Genes predisposing to thrombosis
Venous thrombosis is a multifactorial disease with serious consequences, that is, it is caused by a combination of genetic and environmental factors. The Leiden mutation (or activated protein C resistance) is a frequent genetic alteration causing blood clotting disorder. Hereditary predisposition to thrombosis can be linked to this alteration in 80% of the cases. Due to the mutation, the patients’ blood have an increased tendency to coagulate, resulting in a predisposition to thrombosis - the blocking of a blood vessel by a clot.
This alteration is very frequent in Hungary: 10% of the population carries it. This means that only one of the two copies of the gene harbours the mutation; still, the predisposition to thrombosis increases already 8-fold. If both copies of the gene carries the mutation, the risk increases 80-fold, provided there are no further risk factors.
The mutation can be detected in 20% of the thrombosis cases of unknown cause and in 60% of the cases of thrombosis developing during pregnancy. Furthermore, this genetic alteration may be associated with recurrent miscarriages and complications of pregnancy.
The likelihood of thrombosis, besides the genetic causes, is also increased by environmental and lifestyle factors such as the use of hormonal contraceptive pills, obesity, smoking, diabetes, or sedentary life style. But pregnancy, a natural condition, may also significantly increase the risk, and thrombosis may even have consequences that endanger the foetus. In such cases, the gynaecologist should be aware of the presence of the mutation, because administration of vitamin K antagonists is strictly contraindicated during pregnancy.
The Leiden mutation (synonyms: thrombophilia, activated protein C resistance) is a blood clotting disorder of genetic origin. Due to the mutation, the degradation of factors enhancing blood clotting slows down, and thus the patients’ blood have an increased tendency to coagulate, resulting in a predisposition to thrombosis - the blocking of a blood vessel by a clot. Hereditary predisposition to thrombosis can be linked to this alteration in 80% of the cases. In the Leiden mutation, the predisposition to thrombosis is already apparent in the heterozygous form (when only one of the two copies of the gene carries a mutation) and is even more explicit in homozygous form (when the mutation is present in both copies). 10% of the healthy Hungarian population is heterozygous for the Leiden mutation, and a few per thousand are homozygous. Individuals carrying the mutation in a heterozygous form have an approximately 8-fold higher risk, while those carrying it in a homozygous form have an approximately 80-fold higher risk of deep vein thrombosis compared to the average population, provided there are no further risk factors.
It is essential that in cases of thrombosis occurring at young age with no known cause and/or in cases of recurrent thrombosis testing for the Leiden mutation should by all means be performed. If the patient has children or his/her parents are alive, they should also be tested.

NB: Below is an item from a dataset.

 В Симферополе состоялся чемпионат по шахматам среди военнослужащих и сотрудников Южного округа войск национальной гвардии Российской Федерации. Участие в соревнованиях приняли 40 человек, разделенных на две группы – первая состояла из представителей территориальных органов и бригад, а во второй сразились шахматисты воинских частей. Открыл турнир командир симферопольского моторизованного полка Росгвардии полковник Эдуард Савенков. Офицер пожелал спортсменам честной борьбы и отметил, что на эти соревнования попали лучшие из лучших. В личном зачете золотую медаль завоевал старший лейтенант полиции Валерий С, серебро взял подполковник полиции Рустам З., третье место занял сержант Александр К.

Mutation of prothrombin or coagulation factor II is the second most common cause of hereditary disposition to thrombosis. Due to the alteration, the prothrombin level is elevated and, as a result, the activity of the coagulation system increases leading to a higher probability of thrombosis. This gene alteration affects 2% of the average population and increases the risk of deep vein thrombosis approximately 3-fold. The risk of developing myocardial infarction is 4-fold higher in women carrying the mutation in a heterozygous form compared to those who do not carry it, and it is further increased by other risk factors (smoking, contraceptive pills). The homozygous form of the mutation is very rare but, according to some studies, this mutation may be responsible for recurrent pregnancy losses.
Screening for the mutation is recommended in cases of brain blood vessel blockage (stroke) at a young age, in women developing myocardial infarction, after recurrent pregnancy losses, or if there is a verified prothrombin mutation-carrier relative in the family.

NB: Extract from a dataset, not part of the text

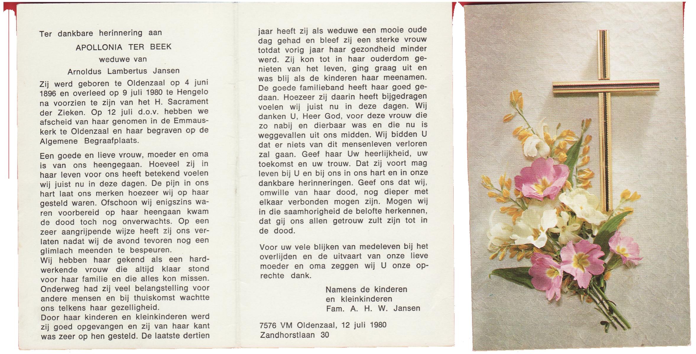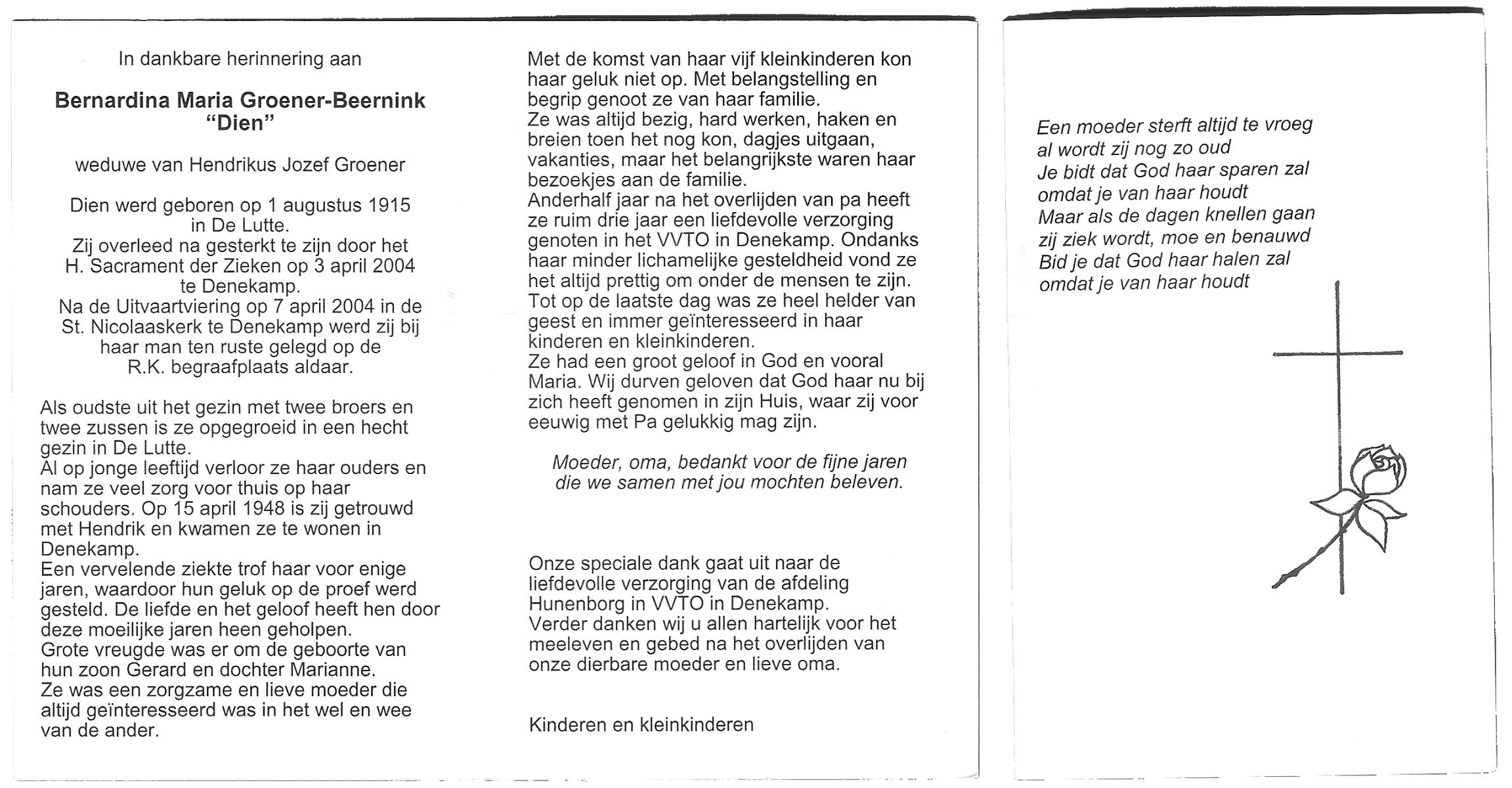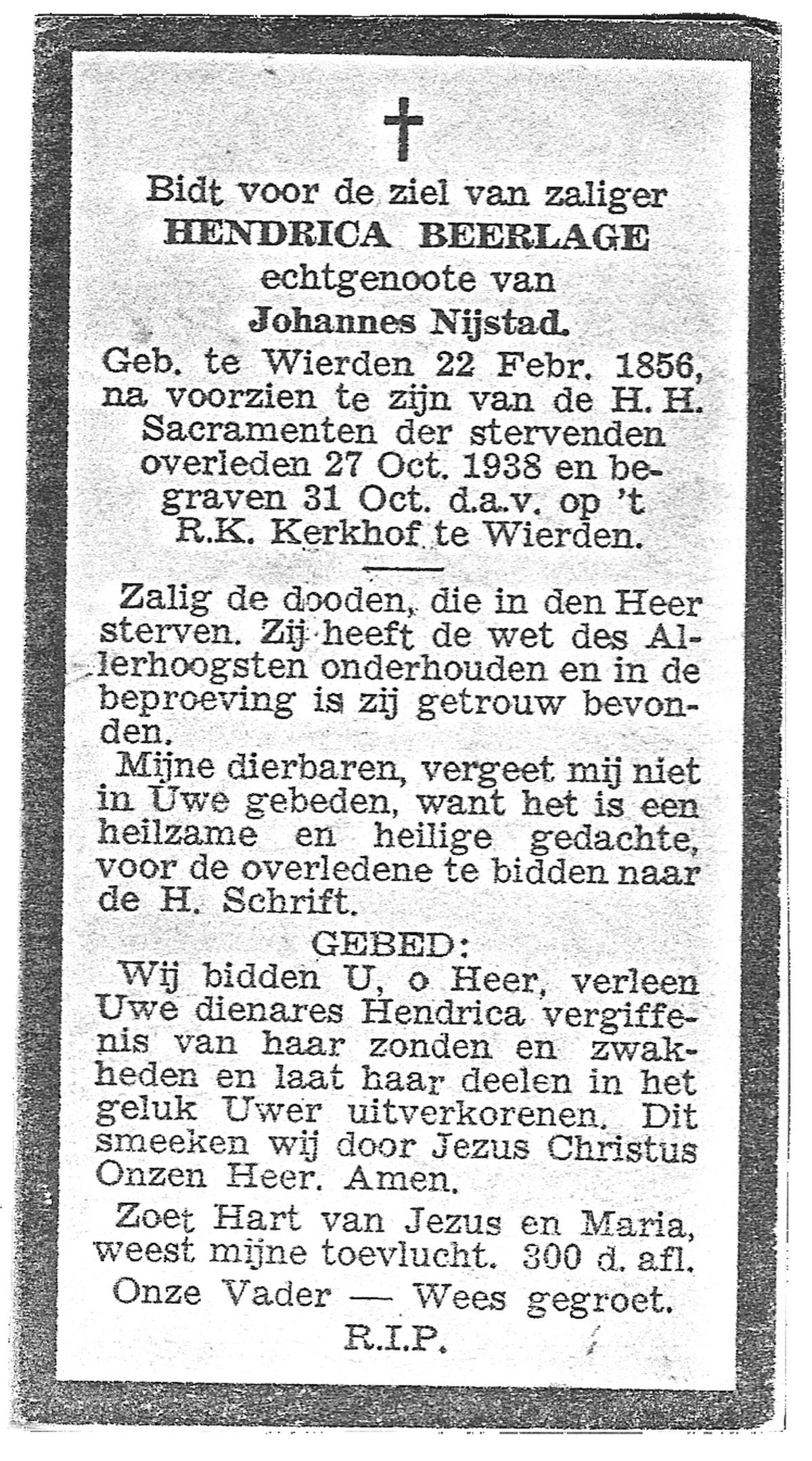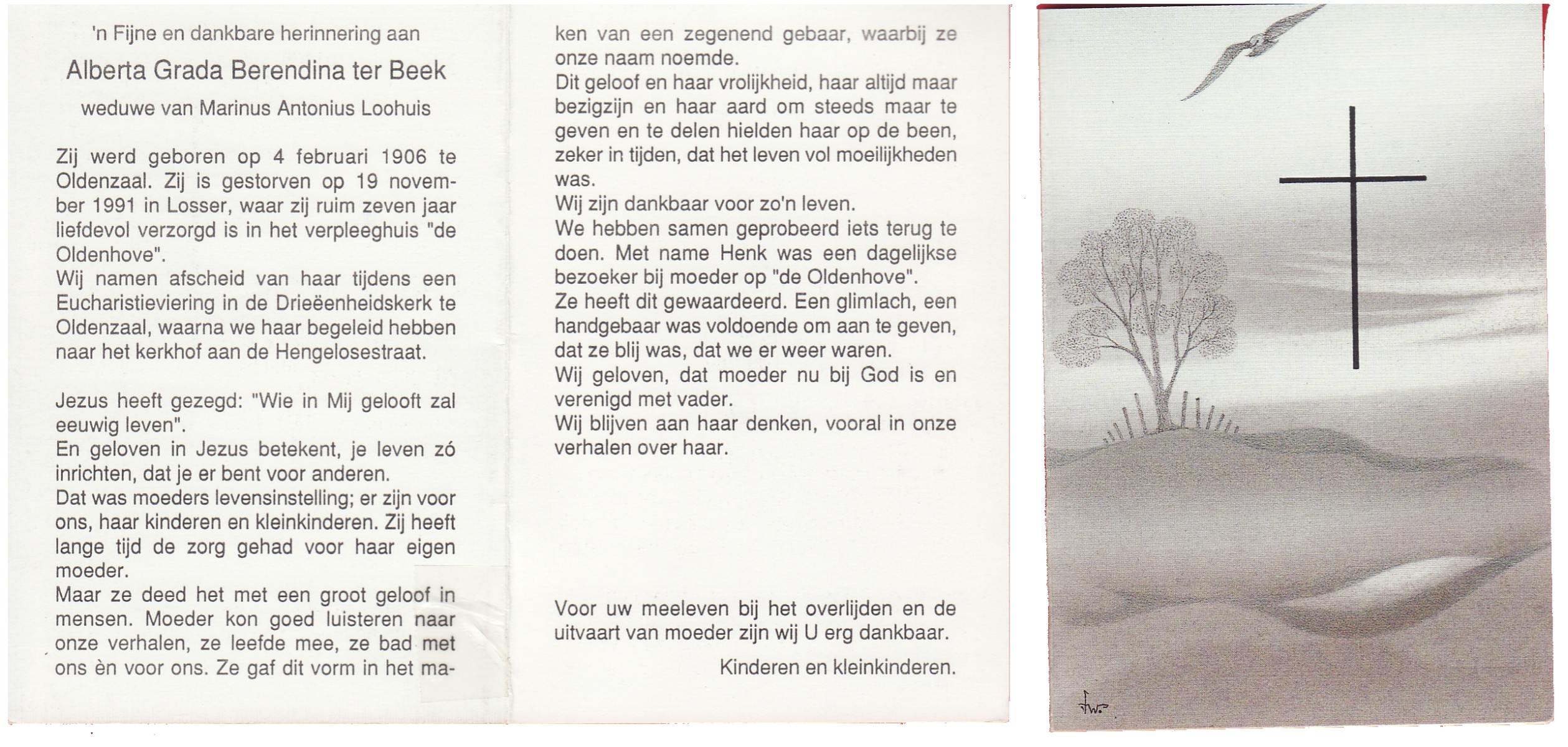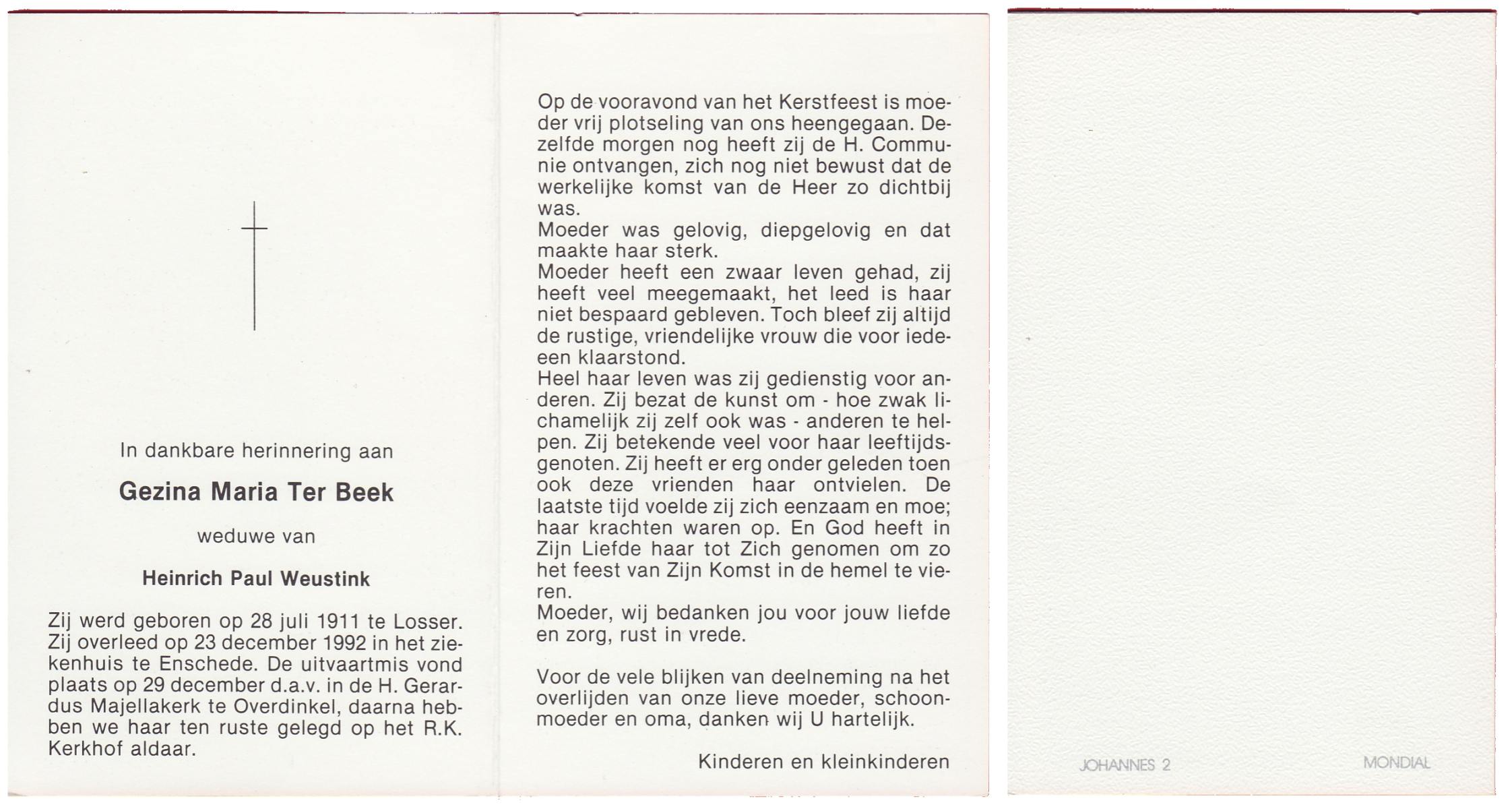 BEKE, ter, Johanna Berendina, geboren op 17-2-1900 te Wierden, overleden op 17-12-1981 te Wierden op 81-jarige leeftijd, begraven op 22-12-1981 te Wierden.

Mutation in the MTHFR (methylenetetrahydrofolate reductase) gene results in a hereditary elevation of the blood homocysteine level. Elevated blood homocysteine levels, which lead to an almost 3-fold increase in the risk of thrombosis compared to individuals with normal blood homocysteine level, can be found in 5-10% of the population. Elevated homocysteine level is a known risk factor of arterial and venous thrombosis, loss of pregnancy, and neural tube closure defects in the foetus. Lack of folic acid increases the probability of developing elevated homocysteine levels (hyperhomocysteinemia); thus, increased folic acid intake can reduce blood homocysteine levels. Testing the mutation is recommended in cases of elevated serum homocysteine level.
When the mutation is present in a heterozygous form, the concentration of homocysteine is not or is only slightly elevated in the serum, while this increase is much more explicit in the homozygous form of the mutation. The prevalence of the homozygous mutation in the population is relatively high; it is present in 5-15% of the average population.